:: Supplied material

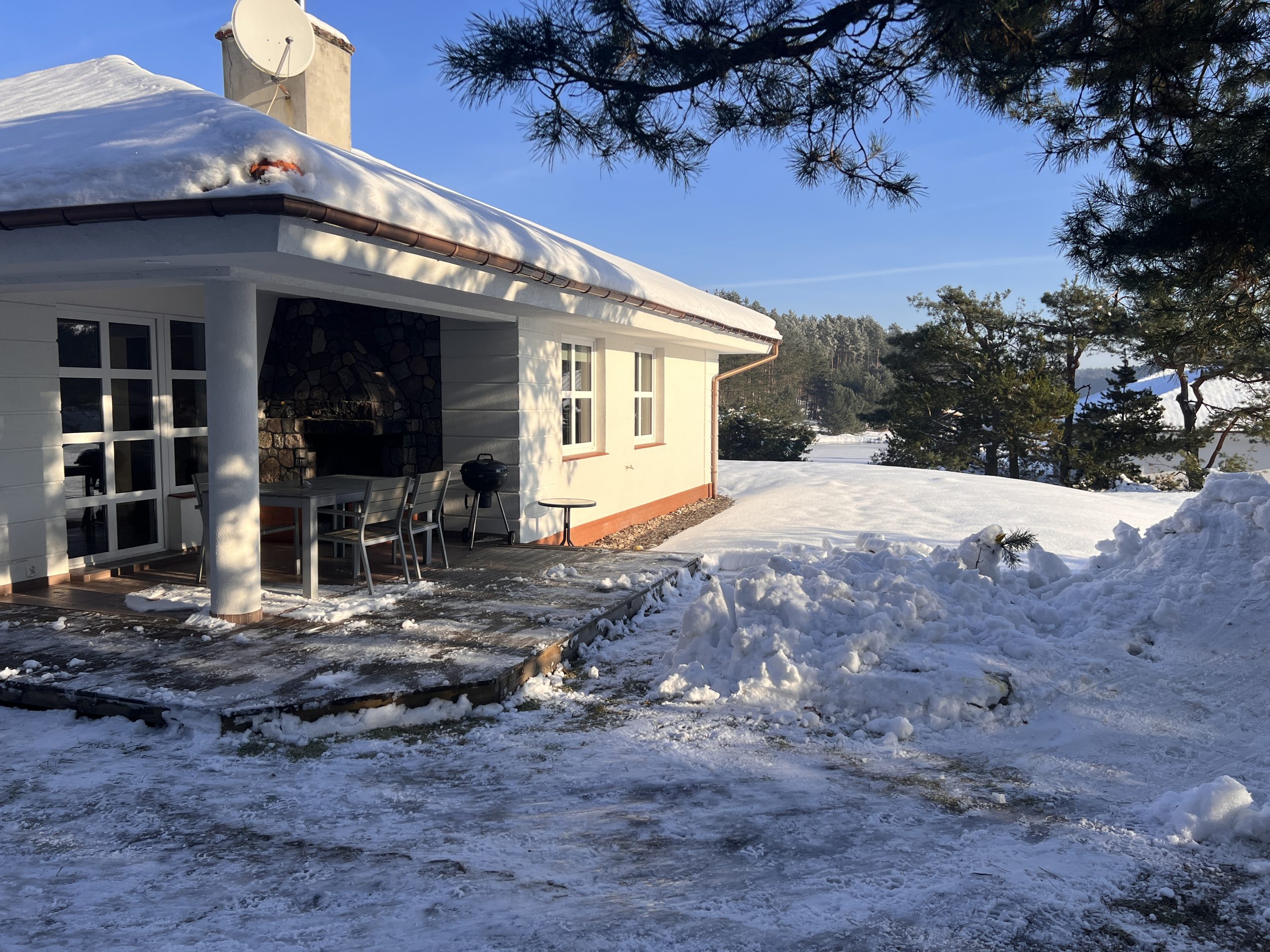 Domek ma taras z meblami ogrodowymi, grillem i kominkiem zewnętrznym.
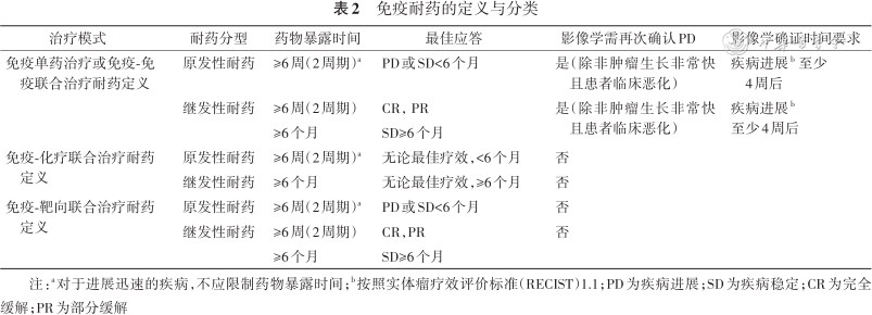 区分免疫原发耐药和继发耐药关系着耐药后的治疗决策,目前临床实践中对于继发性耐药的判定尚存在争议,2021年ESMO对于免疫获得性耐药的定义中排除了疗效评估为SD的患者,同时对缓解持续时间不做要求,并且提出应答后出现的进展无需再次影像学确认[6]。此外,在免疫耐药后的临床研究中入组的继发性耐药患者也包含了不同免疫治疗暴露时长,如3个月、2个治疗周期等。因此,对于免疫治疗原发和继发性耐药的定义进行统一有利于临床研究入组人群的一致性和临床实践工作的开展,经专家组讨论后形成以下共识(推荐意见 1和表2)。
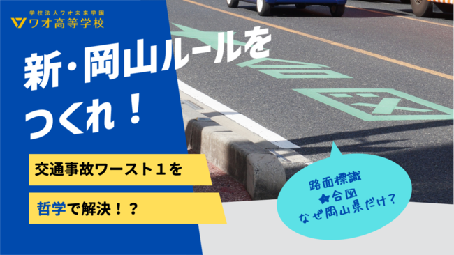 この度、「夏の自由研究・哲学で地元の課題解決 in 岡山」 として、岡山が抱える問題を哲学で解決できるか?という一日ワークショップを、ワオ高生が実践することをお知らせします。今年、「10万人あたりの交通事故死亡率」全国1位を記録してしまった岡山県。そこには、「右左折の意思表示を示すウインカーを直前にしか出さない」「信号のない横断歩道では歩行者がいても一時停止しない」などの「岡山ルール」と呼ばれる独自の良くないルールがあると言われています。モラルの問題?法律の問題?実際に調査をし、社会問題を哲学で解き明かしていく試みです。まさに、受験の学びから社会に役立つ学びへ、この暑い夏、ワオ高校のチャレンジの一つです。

::::
:: Supplied material

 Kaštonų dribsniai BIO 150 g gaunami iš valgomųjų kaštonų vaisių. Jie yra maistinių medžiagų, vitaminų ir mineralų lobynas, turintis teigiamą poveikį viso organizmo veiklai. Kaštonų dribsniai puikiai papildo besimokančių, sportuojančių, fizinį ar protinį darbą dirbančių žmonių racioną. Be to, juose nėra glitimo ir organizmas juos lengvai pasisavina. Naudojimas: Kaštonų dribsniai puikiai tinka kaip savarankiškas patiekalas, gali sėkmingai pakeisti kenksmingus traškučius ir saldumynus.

::::

» **The task**:
What belongs in the answer is each line above from the line with "Domek ma taras" to the line with "この度、「夏の自由研究・哲学で地元の課題解決 in 岡山」", inclusive, reproduced exactly and free of pictures.

» **Answer section**:
 Domek ma taras z meblami ogrodowymi, grillem i kominkiem zewnętrznym.
 区分免疫原发耐药和继发耐药关系着耐药后的治疗决策,目前临床实践中对于继发性耐药的判定尚存在争议,2021年ESMO对于免疫获得性耐药的定义中排除了疗效评估为SD的患者,同时对缓解持续时间不做要求,并且提出应答后出现的进展无需再次影像学确认[6]。此外,在免疫耐药后的临床研究中入组的继发性耐药患者也包含了不同免疫治疗暴露时长,如3个月、2个治疗周期等。因此,对于免疫治疗原发和继发性耐药的定义进行统一有利于临床研究入组人群的一致性和临床实践工作的开展,经专家组讨论后形成以下共识(推荐意见 1和表2)。
 この度、「夏の自由研究・哲学で地元の課題解決 in 岡山」 として、岡山が抱える問題を哲学で解決できるか?という一日ワークショップを、ワオ高生が実践することをお知らせします。今年、「10万人あたりの交通事故死亡率」全国1位を記録してしまった岡山県。そこには、「右左折の意思表示を示すウインカーを直前にしか出さない」「信号のない横断歩道では歩行者がいても一時停止しない」などの「岡山ルール」と呼ばれる独自の良くないルールがあると言われています。モラルの問題?法律の問題?実際に調査をし、社会問題を哲学で解き明かしていく試みです。まさに、受験の学びから社会に役立つ学びへ、この暑い夏、ワオ高校のチャレンジの一つです。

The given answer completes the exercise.